Down he went in his airship, and he asked:

“What has happened, Mrs. Sheep? You seem to be in trouble.”

“I am in trouble,” sadly answered the mamma sheep. “My little lamb baby has strayed away, and is lost, I fear. Oh, I am so sorry!”

“Never fear!” said Uncle Wiggily, bravely. “I will go look for your little lost lamb in my airship. You were kind to me, and I am only too glad to be kind to you.”

“That is very good of you,” said the mamma sheep.

Up in the air went Uncle Wiggily. He sailed around and around, looking down on the ground for the little lost lamb, but all the rabbit gentleman could see were trees, woods and green fields.

“I wonder if I can ever find that little lost lamb for the mamma sheep whose wool saved me from a bad fall?” thought Uncle Wiggily. “I must try my best.”

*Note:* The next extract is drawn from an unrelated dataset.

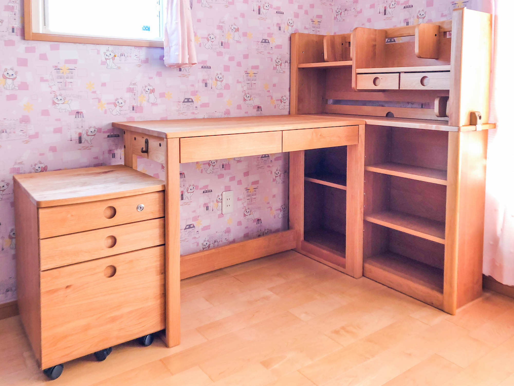 アルダー無垢材の学習デスクをお届けしました。システムタイプをお選びいただき、広いスペースを使ってゆったりと設置させていただきました。ワゴンや本棚が独立しているので、使い方に合わせて組み替えられるのも便利ですね!

So he looked and he looked again, and, all of a sudden, he heard a little voice crying:

“Baa! Baa! Baa!”

“Ha! There is the little lost lamb crying for its mamma,” said Uncle Wiggily. He looked down over the side of his clothes basket airship, and there, on the earth below, he saw the little lamb, caught fast in a prickly briar bush. The thorns and stickers of the bush had become entangled in the lamb’s wool, and it could not get loose, no matter how it tried.

“Baa! Baa! Baa! I shall never see my mamma again!” cried the poor little lamb, who had wandered away and become lost in the bushes. “Oh, where is my mamma?”

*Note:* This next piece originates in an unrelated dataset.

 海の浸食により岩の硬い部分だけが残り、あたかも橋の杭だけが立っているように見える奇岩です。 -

“Ha! I will take you to her!” exclaimed Uncle Wiggily. Down, again, he went in his airship, and, with a pair of scissors he had in his pocket, Uncle Wiggily soon cut off the briars from the bramble bush so he could loosen the little lamb. Then, in his paws, Uncle Wiggily carried the lamb to the airship, and put it on the soft sofa cushions.

“Oh, I am so hungry!” bleated the little lamb.

“And I have just the things for you to eat!” cried Uncle Wiggily. Then he gave the little lamb some of the bread, milk and sugar, he had bought at the store, and soon they were at the field where the lamb lived with its mamma.

And, Oh! how glad the mamma sheep was to see her lamb again! She thanked Uncle Wiggily again and again, and Uncle Wiggily blushed behind his ears, he was so bashful-like. So you see it is sometimes a good thing to fall out of an airship upon a load of wool.